Hint: We will multiply these equations with a power of ten according to the decimal number it contains to change them into a whole number. We will rearrange the equations if necessary.

Complete step by step solution:
Let us consider the given system of equations,
$\begin{align}
  & x+y=3.3.......\left( 1 \right) \\
 & \dfrac{0.6}{3x-2y}=-1,\,3x-2y\ne 0.......\left( 2 \right) \\
\end{align}$
We are asked to solve this system.
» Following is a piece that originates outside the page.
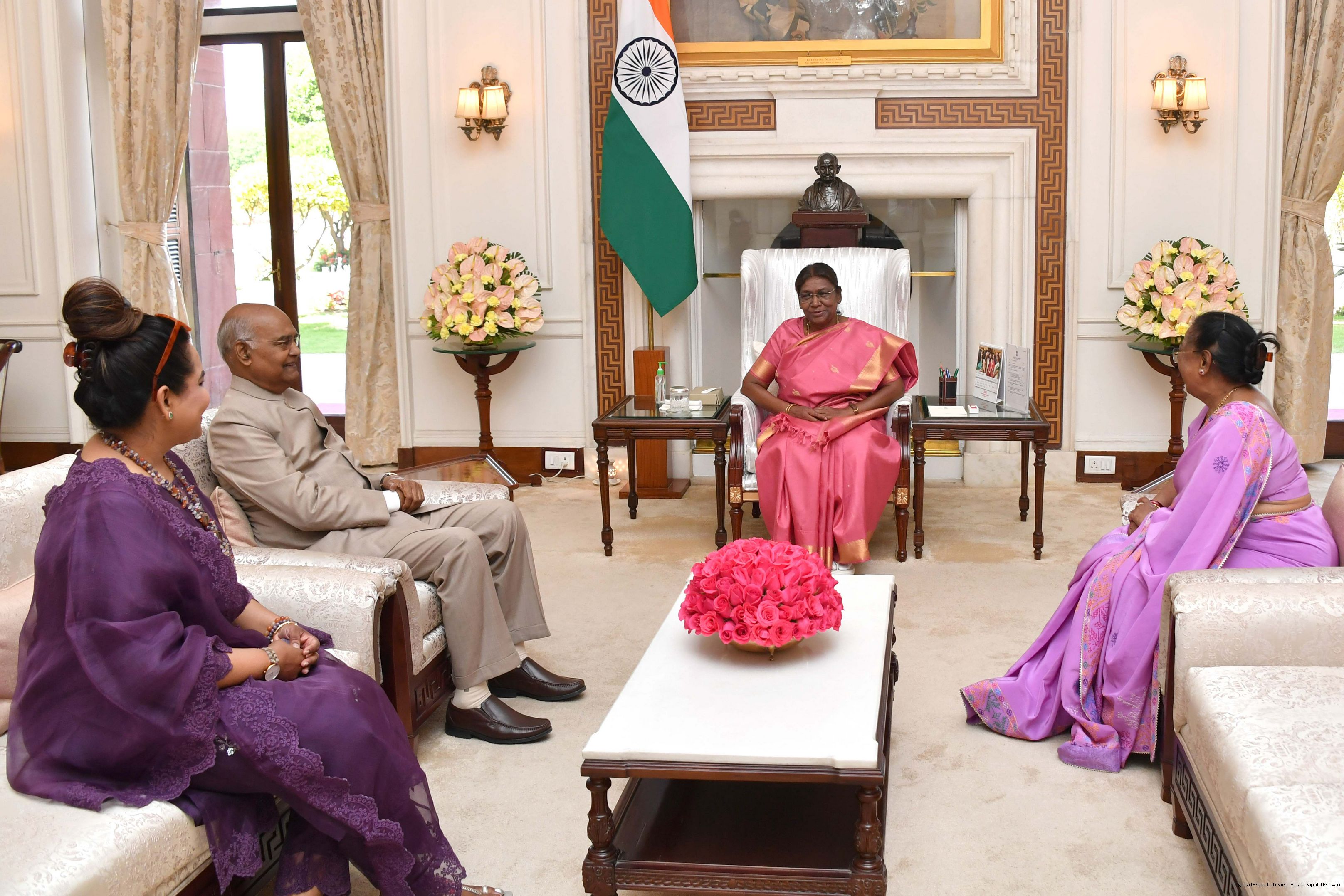 | Caption: | Shri Ram Nath Kovind, Former President of India along with his wife Smt. Savita Kovind and daughter Ms.Swati called on the President of India Smt. Droupadi Murmu at Rashtrapati Bhavan on April 14, 2023. |

As we can see, both equations contain a term that is a decimal number.
So, now, we will multiply the equation $\left( 1 \right)$ with $10$ to get $10x+10y=33.......\left( 3 \right)$
As the next step, we will transpose the denominator in the equation $\left( 2 \right)$ from the left-hand side to the right-hand side.
We will get $0.6=-3x+2y.$
We need to multiply this equation with $-10$ to get $30x-20y=-6.......\left( 4 \right)$
Let us multiply the equation $\left( 3 \right)$ with $2$ and add the equation $\left( 4 \right)$ to it.
We will get,
$\begin{align}
  & \underline{\begin{align}
  & 20x+20y=66+ \\
 & 30x-20y=-6 \\
\end{align}} \\
 & 50x+0=60 \\
\end{align}$
We will get the equation $50x=60.$
From this equation, we can find the value of $x$ and thus the value of $y$ by putting the value of $x$ in any of the given equations.
Now, when we transpose $50$ from the left-hand side to the right-hand side, we will get $x=\dfrac{60}{50}.$
Now, we will get $x=\dfrac{6}{5}$
When we substitute this value in any of the given equations, we will be able to find the value of $y.$
So, let us replace $x$ in the equation $\left( 1 \right)$ with $\dfrac{6}{5}=1.2$
Then, we will get $1.2+y=3.3.$
Now, we will transpose $1.2$ from the left-hand side to the right-hand side of the equation, we will get $y=3.3-1.2=2.1.$
Hence the solution of the given pair of equations is $x=1.2$ and $y=2.1.$

Note: We can convert the pair of equations into the form $AX=b,$ where $A$ is the coefficient matrix of the equations, $X$ is the column matrix that contains the unknowns and $b$ is the column matrix that contains the RHS of the equations. And then using $X={{A}^{-1}}b,$ we can solve the equations.